Prep Time – 10 minutes
Cook Time – 15 minutes
Servings – Makes about 20 2-inch pancakes
Ingredients
3 medium ripe bananas
1-2 large handfuls fresh baby spinach
2 tbsp chia seeds
1 1/2 cups GF rolled oats
1/2 cup buckwheat flour
2 tsp baking powder
1/4 tsp sea salt
1 tsp cinnamon
1 tsp vanilla extract
1 cup full fat coconut milk
dairy free dark chocolate chips (optional add-in)
coconut oil for cooking
DIRECTIONS
Add all ingredients (except chocolate chips and coconut oil) to a high-speed blender and blend until smooth.
Allow mixture to sit for at least 5 minutes before cooking to properly thicken.
Heat 1 tbsp of coconut oil in a large skillet on medium heat.

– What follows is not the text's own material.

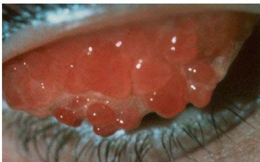
Abb. 5: Gigantopapilläre Konjunktivitis als Beispiel für eine allergische Erkrankung

befriedigend beherrscht werden können. Während bei der Heuschnupfen-Konjunktivitis die Zusammenarbeit mit einem Allergologen zur evtl. Desensibilisierung sinnvoll ist, hat eine solche Maßnahme bei der Frühjahrs-Konjunktivitis und bei der Konjunktivitis der Ekzematiker erfahrungsgemäß keine Erfolgsaussicht. Die therapeutische Kunst des Augenarztes besteht bei diesen letztgenannten eher chronischen Bindehautentzündungen darin, den Patienten mit einem Minimum an wirksamer Therapie beschwerdefrei zu halten, ohne unerwünschte Nebenwirkungen zu riskieren. Der Patient sollte verstehen, dass es sich bei dieser Erkrankungsgruppe um sog. konstitutionelle Leiden handelt, die therapeutisch wirksam gemildert, aber nicht vollständig ausgeheilt werden können, da die Veranlagung ererbt und unveränderlich ist.

Once pan is heated and oil is melted add about ¼ cup of batter to the pan for each pancake. If desired, immediately add 3-4 chocolate chips per pancake.
Allow pancakes to cook for 1-2 minutes before flipping. Bottom should be firm and light brown.
Continue cooking the other side of the pancakes for another minute or so. If the bottoms are browning too quickly, lower the heat. Remove pancakes from pan.
Add more oil if needed and repeat process until all the batter is used up. Serve warm. I like to top mine with some nut butter and a drizzle of maple syrup.
Store extras in the refrigerator for up to 5 days or freeze.